Python does not currently have an equivalent to scanf(). Regular expressions are generally more powerful, though also more verbose, than scanf() format strings. The table below offers some more-or-less equivalent mappings between scanf() format tokens and regular expressions.

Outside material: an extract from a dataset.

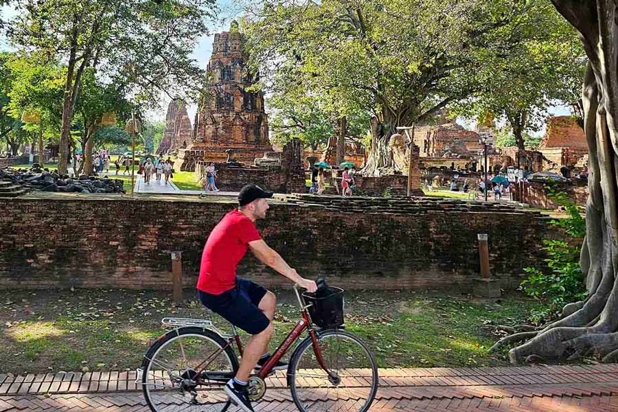 Ayutthaya étant une ville relativement plate, le vélo est un moyen de transport idéal pour visiter les temples et se déplacer entre les différents sites. De nombreux loueurs de vélos sont disponibles à proximité de la gare ou du centre-ville, avec des tarifs très abordables.

scanf() Token | Regular Expression |
---|---|
%c |
. |
%5c |
.{5} |
%d |
[-+]?\d+ |
%e , %E , %f , %g |
[-+]?(\d+(\.\d*)?|\d*\.\d+)([eE][-+]?\d+)? |
%i |
[-+]?(0[xX][\dA-Fa-f]+|0[0-7]*|\d+) |
%o |
0[0-7]* |
%s |
\S+ |
%u |
\d+ |
%x , %X |
0[xX][\dA-Fa-f]+ |
To extract the filename and numbers from a string like
/usr/sbin/sendmail - 0 errors, 4 warnings
you would use a scanf() format like
%s - %d errors, %d warnings
The equivalent regular expression would be
(\S+) - (\d+) errors, (\d+) warnings
If you create regular expressions that require the engine to perform a
lot of recursion, you may encounter a RuntimeError exception with
the message maximum recursion limit
exceeded. For example,
>>> import re >>> s = 'Begin ' + 1000*'a very long string ' + 'end' >>> re.match('Begin (\w| )*? end', s).end() Traceback (most recent call last): File "<stdin>", line 1, in ? File "/usr/local/lib/python2.3/sre.py", line 132, in match return _compile(pattern, flags).match(string) RuntimeError: maximum recursion limit exceeded
You can often restructure your regular expression to avoid recursion.
Starting with Python 2.3, simple uses of the *? pattern are special-cased to avoid recursion. Thus, the above regular expression can avoid recursion by being recast as Begin [a-zA-Z0-9_ ]*?end. As a further benefit, such regular expressions will run faster than their recursive equivalents.